I've got this difficult RNA-seq de novo dataset, and despite removing contamination from my samples and performing the experiment to the best of my ability I'm still getting a BCV of 0.6 for my experiment. I've been told that this result is 'bad' and that I can't publish with a high BCV. Can someone comment on this? This species has a genome which is 3/4 complete, if i align my reads to that, my BCV is 0.2 with no prior filtering.
It seems in the de novo quite a proportion of my genes show variability across replicates and the samples are quite heterogeneous. We even conducted physiological measurements pre-experiment to ensure they were all at a suitable level of acclimation. All other parameters were tightly controlled to make the experiment stringent and fair.
RNA was extracted using uniform method, and at the same time to prevent batch effects. I have applied TMM in EdgeR as some library sizes were double of others , and used a cut-off of at least 1CPM in at least 3 samples for a gene to be taken forward for analysis.

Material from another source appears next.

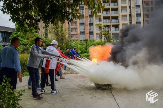 活动第二阶段是应急演练。老师同学们按照疏散路线和志愿者的指示开始应急疏散,在电气馆外空地集合并开展消防灭火演练。在教官的指导下,同学们练习使用灭火器扑灭火盆里的火焰。至此,本次活动圆满结束。

I tried looking at the variable genes with low prior.df's; however they seem to be random genes and there's no obvious patterns emerging.
Any ideas on why the de novo has such a high BCV but the genome aligned version has a nice low value? The de novo is made of several assemblies merged including the genome model genes and clustered into non redundant transcripts.
Thanks.
Are you quantifying genes in one method and transcripts in the other? I imagine that quantifying transcripts with non-optimal methods will lead to higher BCVs.
Predicted gene models in genome guided. Evidential genes assembled de novo in the second. Any tips?
My suspicion is that this is some quirk of how the alignments and counts are working with your assembly. I wouldn't know what's going funky there, but that's where you should be looking.